- RECORDS FOR THIS TASK
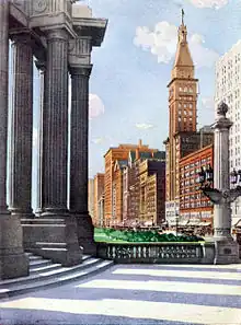 This plan was further elaborated upon in Daniel Burnham's 1909 Plan of Chicago,[9] and in 1911 a plan was selected that included the widening of Michigan Avenue from Randolph Street to the river, replacing the Rush Street bridge with a new bridge at Michigan Avenue and the construction of a double-decked boulevard along Pine Street as far as Ohio Street.[10] When the Michigan Avenue Bridge was completed, Pine Street was renamed Michigan Avenue. At its north end it merges into Lake Shore Drive near the Drake Hotel.
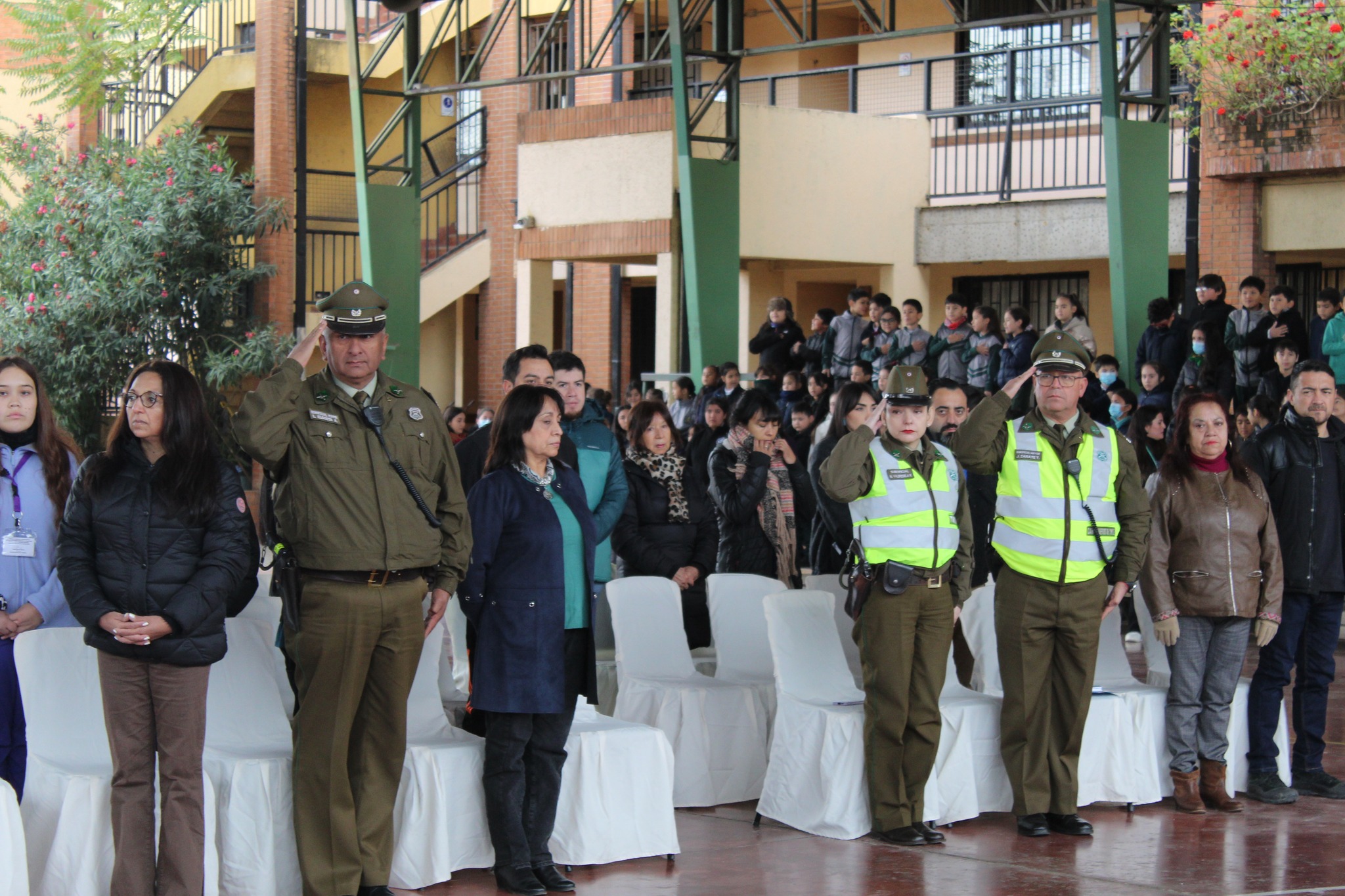 ESCUELA CARLOS SPANO, inició su jornada hoy con un Acto Cívico que contó con la presencia de los funcionarios SUB OFICIALES MAYORES: Sra. NAYARET VALENZUELA REVECO, Sr. LUIS ELGUETA ACUÑA, Sr. JULIO ZÁRATE TAPIA (EX-ALUMNO DE NUESTRA ESCUELA) Y SARGENTO 2º Sr. JAIME FLORES MORALES. Como Institución Educativa nos sumamos al hondo pesar del Cuerpo de Carabineros De Chile, ante la pérdida de sus tres oficiales caídos en acto de servicio, rogamos por el descanso de sus almas y consuelo para sus familias. ELSA CÁCERES TOLEDO DIRECTORA
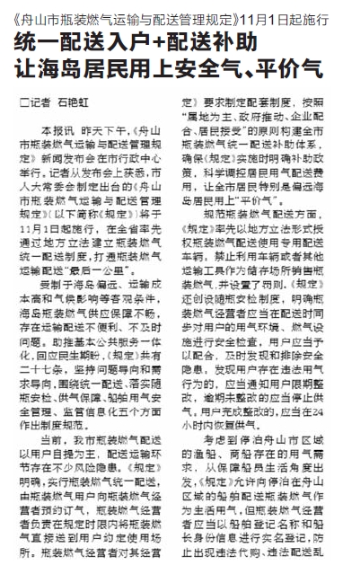 《舟山市瓶装燃气运输与配送管理规定》11月1日起施行,我市在全省率先通过立法建起瓶装燃气统一配送制度,打通瓶装燃气运输“最后一公里”,破解海岛居民用气难、用气贵问题(《舟山晚报》10月23日报道)。小岛居民用上安全气、平价气,意味着又补上了海岛民生的一块短板。
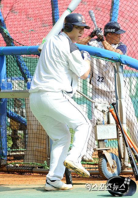 [엑스포츠뉴스=권혁재 기자] 23일 오후 잠실야구장에서 열린 '2013 한국야쿠르트 세븐 프로야구' 두산 베어스와 넥센 히어로즈의 경기 경기에 앞서 두산 김현수가 타격 훈련을 하고 있다.
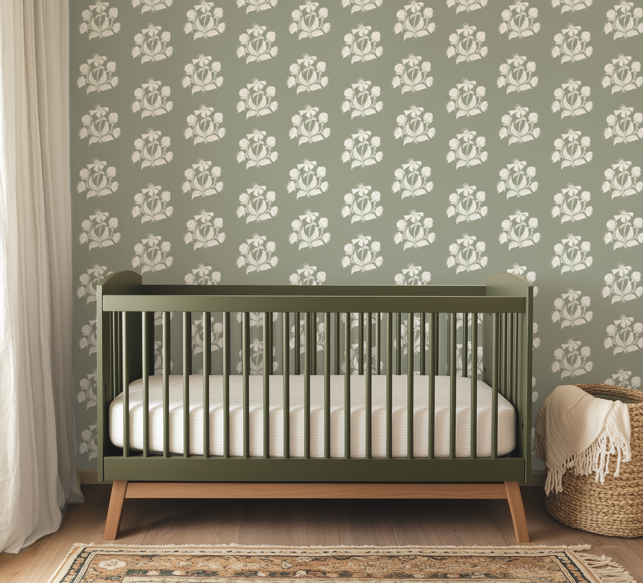 Blocked Tulips in Natural Grasscloth Wallpaper

- TASK TO CARRY OUT
Once you reach the line containing "ESCUELA CARLOS SPANO, inició", print it and every line after it exactly, through the end of the entries, without any pictures.

- COMPLETED TASK
 ESCUELA CARLOS SPANO, inició su jornada hoy con un Acto Cívico que contó con la presencia de los funcionarios SUB OFICIALES MAYORES: Sra. NAYARET VALENZUELA REVECO, Sr. LUIS ELGUETA ACUÑA, Sr. JULIO ZÁRATE TAPIA (EX-ALUMNO DE NUESTRA ESCUELA) Y SARGENTO 2º Sr. JAIME FLORES MORALES. Como Institución Educativa nos sumamos al hondo pesar del Cuerpo de Carabineros De Chile, ante la pérdida de sus tres oficiales caídos en acto de servicio, rogamos por el descanso de sus almas y consuelo para sus familias. ELSA CÁCERES TOLEDO DIRECTORA
 《舟山市瓶装燃气运输与配送管理规定》11月1日起施行,我市在全省率先通过立法建起瓶装燃气统一配送制度,打通瓶装燃气运输“最后一公里”,破解海岛居民用气难、用气贵问题(《舟山晚报》10月23日报道)。小岛居民用上安全气、平价气,意味着又补上了海岛民生的一块短板。
 [엑스포츠뉴스=권혁재 기자] 23일 오후 잠실야구장에서 열린 '2013 한국야쿠르트 세븐 프로야구' 두산 베어스와 넥센 히어로즈의 경기 경기에 앞서 두산 김현수가 타격 훈련을 하고 있다.
 Blocked Tulips in Natural Grasscloth Wallpaper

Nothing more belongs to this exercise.